Andrea Bolz, Deutschsprachige katholische Gemeinde, Puerto de la Cruz
Einen wunderschönen guten Morgen, liebe Schwestern und Brüder!
Jahrhunderte lang war es guter und bekannter Brauch. Dreimal am Tag, morgens um sechs, mittags um zwölf und abends um sechs wurden die Kirchenglocken geläutet: und keiner regte sich über die sogenannte „Lärmbelästigung“ auf. Es wurde zum „Angelus“ geläutet – dem „Engel des Herrn.“ Die Glocken läuteten durchs ganze Land. Und überall stockte der Alltag. Sogar die Bauern weit draußen auf den Feldern ließen die Arbeit, Arbeit sein und beteten.
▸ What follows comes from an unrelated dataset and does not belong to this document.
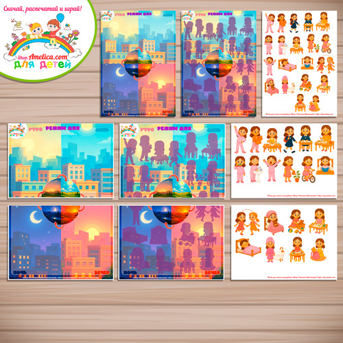 Игра — презентация для дошкольников «Режим дня (распорядок дня) девочки» формат А4 и А3 скачать и распечатать

Sie beteten den „Angelus“, eine Gebetsform aus dem 17. Jahrhundert. Drei „Gegrüßet
seist du Maria“, verbunden mit Versen aus dem Evangelium.
„Verstaubte Tradition“, „nicht mehr zeitgemäß“, „kann ich nichts mit anfangen“, „bringt mir nichts“, „stumpfsinnige Wiederholungen“, mögen manche darüber denken. Die Aussagen dieses alten Gebets treffen allerdings mitten in das Zentrum des christlichen Glaubens. Wir sind mitten im Oktober, im sogenannten Rosenkranzmonat, jenem Monat, der neben dem Monat Mai im Besonderen Maria gewidmet ist. Ein Grund mehr, um Maria wieder einmal stärker hervorzuheben; und wenn ich die Botschaft des Angelusgebetes, die das Mädchen Maria da von Gott gehört hat, direkt auf mich anwende, dann ist sie plötzlich ganz aktuell.
„Der Engel des Herrn bringt eine Botschaft und wir empfangen vom Heiligen Geist“, so heißt es in diesem Gebet, wenn wir es auf uns übertragen.
Was für eine Aussage. Gott schickt mir eine Botschaft, deren Inhalt ich nicht fassen kann.
Ich kann sie „empfangen“, aber ich muss damit im wahrsten Sinne des Wortes
„schwanger gehen“, ich muss darüber nachdenken und „brüten“ und sie dann in die Welt bringen. Dabei muss mir klar sein, dass Gott immer in indirekter Weise zu mir spricht. Oft in unauffälligen, alltäglichen Kleinigkeiten, in Zufällen, die ich erst später als wichtig erkenne. Ich brauche also ein ganz offenes inneres Ohr, muss hellwach sein, auch gegenüber meinen Mitmenschen. Dann kann ich hören, was Gott hier und heute von mir will. Dem Mädchen Maria ist das wohl so ergangen. Sie stand im Dialog mit Gott. Und sie antwortete ihm: „Mir geschehe nach deinem Wort.“ Übersetzt heißt das: „Ich bin ganz für dich da. Ich ordne mich deinem Willen unter, und ich werde tun, was du von mir verlangst.“ Auch das ist für aufgeschlossene Ohren unverständlich, ungeheuerlich, frauenfeindlich, typisch katholisch, eben! Wer will sich heute schon freiwillig unterordnen und seine Freiheiten beschneiden lassen? Aber Vorsicht! Vielleicht ist das Gegenteil der Fall. Wer heute betet, der wird das nicht als Freiheits-beraubung ansehen. Der schenkt sich eine Auszeit zum Abschalten, zum Hören, zum in sich hineinhorchen, um frei zu sein für sich und für Gott.